§ **Instructions for the task**:
Please write out exactly the lines of the data below from the line holding "ضبط سائق مركبة" through the line holding "医師の監督の下、専任入浴指導", and leave out the rest.
--- Available records ---
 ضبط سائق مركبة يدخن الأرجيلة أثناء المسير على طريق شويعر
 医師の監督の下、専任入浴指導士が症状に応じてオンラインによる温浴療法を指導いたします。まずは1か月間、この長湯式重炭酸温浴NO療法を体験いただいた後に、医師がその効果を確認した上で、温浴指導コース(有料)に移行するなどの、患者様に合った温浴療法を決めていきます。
---
--- Available records ---
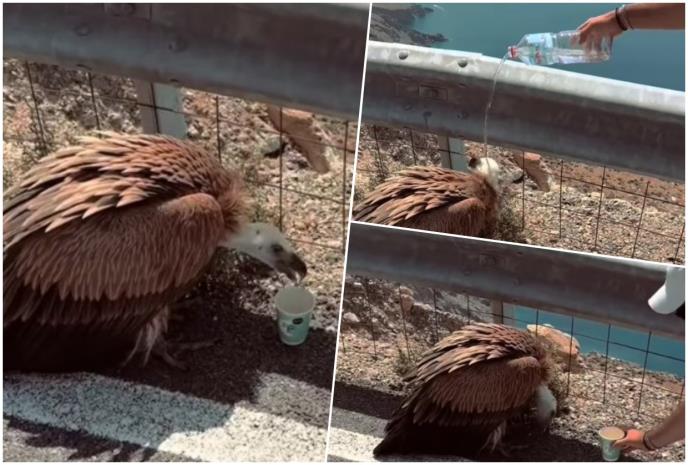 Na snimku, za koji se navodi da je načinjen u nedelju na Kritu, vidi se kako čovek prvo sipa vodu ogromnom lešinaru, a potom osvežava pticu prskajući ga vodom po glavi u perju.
---
§ **Exercise answer**:
 ضبط سائق مركبة يدخن الأرجيلة أثناء المسير على طريق شويعر
 医師の監督の下、専任入浴指導士が症状に応じてオンラインによる温浴療法を指導いたします。まずは1か月間、この長湯式重炭酸温浴NO療法を体験いただいた後に、医師がその効果を確認した上で、温浴指導コース(有料)に移行するなどの、患者様に合った温浴療法を決めていきます。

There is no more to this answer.